Prior to fertilization, the oocyte’s surrounding zona pellucida acts as a specific sperm barrier and is involved in sperm binding. The zona pellucida (which surrounds the oocyte), hardens naturally after fertilization to prevent polyspermic fertilization and to protect the integrity of the preimplantation embryo during early embryonic development. Increased zona thickness was associated with lower implantation rates [Cohen et al., 1989]. Zona hardening, which may be induced by in vitro culture or by in vivo ageing, can also affect hatching [De Vos and Van Steirteghem, 2000]. Thus, failure of the zona to rupture has been suggested as a possible cause of Recurrent Implantation Failure (RIF).
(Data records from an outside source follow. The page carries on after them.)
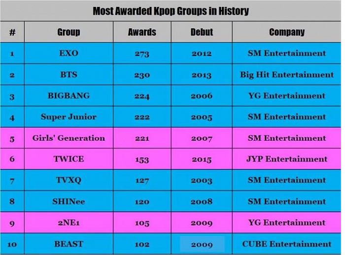 2NE1被称为“女版BIGBANG”,“怪物新人”的称号也始于她们。2009年刚出道时,2NE1就直接威胁到了少女时代的地位,并在各项数据上取得了领先,已经有资格问鼎历史最佳音源女团。 从《Lollipop》的梦幻色彩,到《Fire》喷薄而出的强势,再到《I Don't Care》爱情中女孩的样子,2NE1凭借这三首歌曲共取得13个周冠、31周前十,分别位于年榜的2、8、10位,在仅仅几个月之内稳固了在歌谣界的位置。
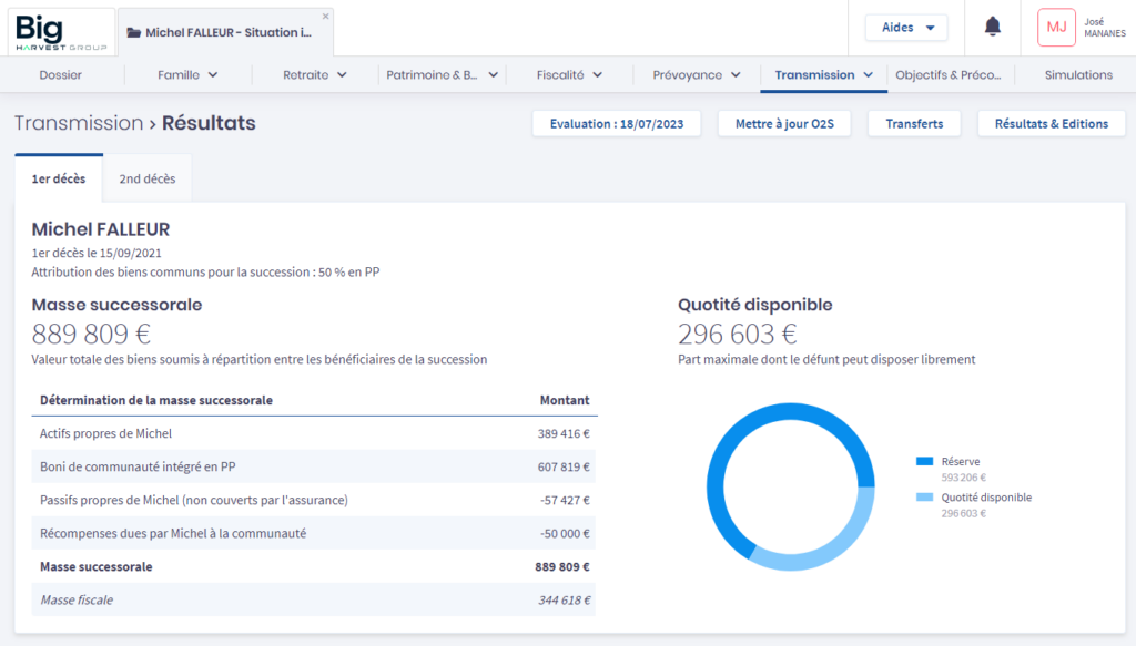 Avec le calcul de la masse successorale, nous initions l’ajout de résultats plus détaillés à l’écran dans la transmission. En cliquant sur le bouton Résultats de l’onglet Transmission, vous visualisez la décomposition de la masse successorale, la masse fiscale et la quotité disponible est mise en avant.
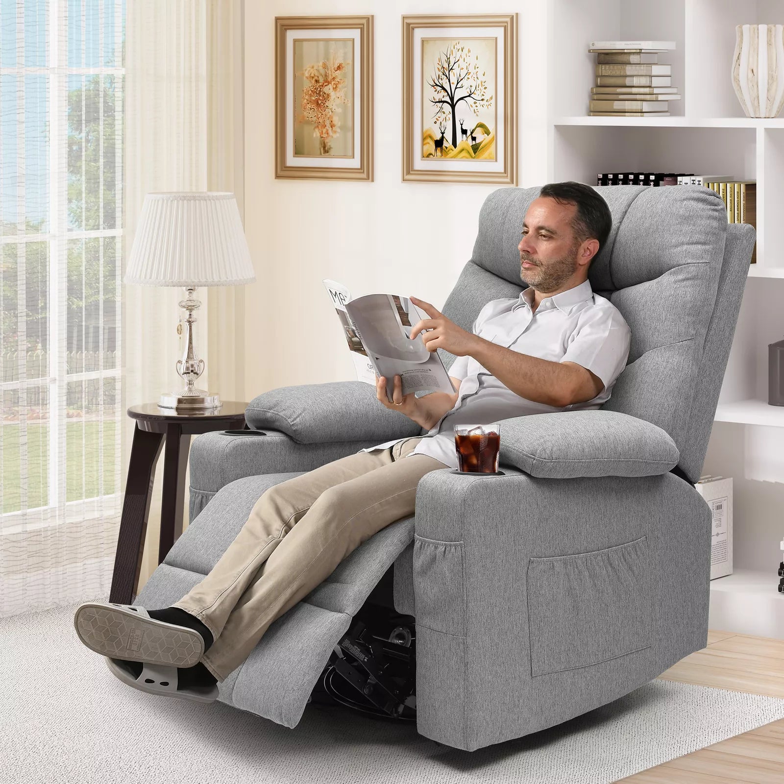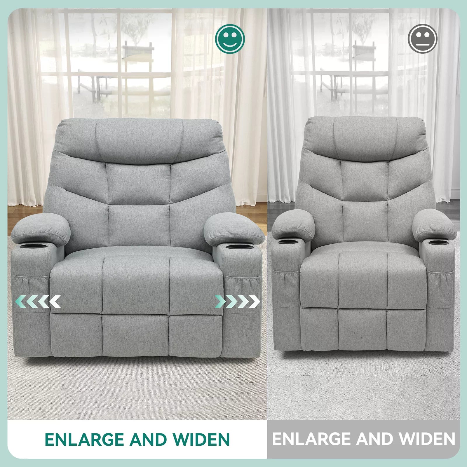 This wide recliner's durable construction and smooth reclining mechanism ensure long-lasting use and effortless operation. Elevate your home decor with our spacious and stylish large recliner chair, perfect for unwinding after a long day.
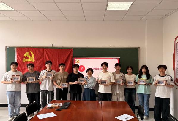 紧接着,李韦华和王超为每位毕业生党员颁发赠送党支部纪毕业生党员纪念合照。
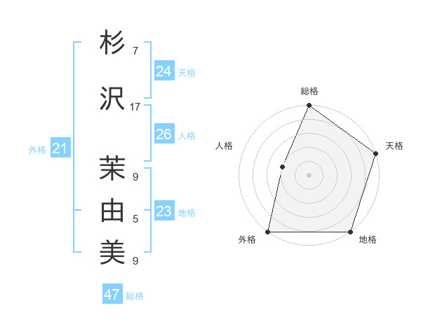 杉沢 茉由美さんを姓名の画数から五運を鑑定
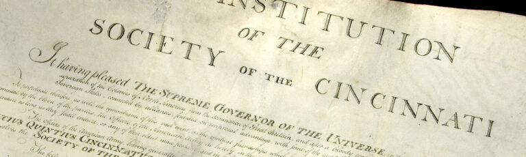 The Institution of the Society of the Cincinnati, adopted at the founding meeting on May 13, 1783, remains the principle guiding document of the organization to the present day. The first official copy, known as the original Institution, was inscribed on a large, irregularly shaped sheet of parchment and signed by George Washington and thirty-five … Continue reading The Institution of the Society of the Cincinnati
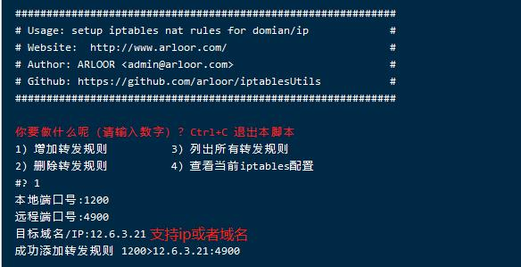 这个脚本是帮你一键执行iptables命令,还是调用iptables,非第三方转发软件,支持ddns,感谢arloor

In some cases, Recurrent Implantation Failure (RIF) may be interconnected to an inability of the embryo to hatch out of its zona pellucida [Cohen et al., 1990]. The zona pellucida is a glycoprotein layer, surrounding the oocyte or embryo which after fertilization, compresses and shapes the embryo. The zona facilitates the active transport of the embryo trough the Fallopian tubes and protects it from micro–organisms and immune cells [Zhao and Dean, 2002]. At the blastocyst stage, the embryo needs to break out of the zona to enable invasion of the luminal endometrial epithelium. Failure of this process could be caused by zona hardening arising from IVF culture conditions or Cryopreservation. Further, advanced endometrial development caused by ovarian stimulation [Horcajadas et al., 2008] combined with delayed development of embryos in vitro [Hsu et al., 1999] could cause a synchronization problem, which requires the embryo to hatch out of the zona prematurely.

1.3. Short overview of the factors, included into “Multifactorial effectors” category

Endometriosis as a cause for Recurrent Implantation Failure (RIF) has not been investigated directly; however, all markers of reproductive process, including ovarian response, embryo quality, implantation and pregnancy rates, are decreased in endometriosis, especially in severe disease. the effect of endometriosis is not exclusively on the receptivity of the endometrium but also on the development of the oocyte and embryo [Barnhart et al., 2002].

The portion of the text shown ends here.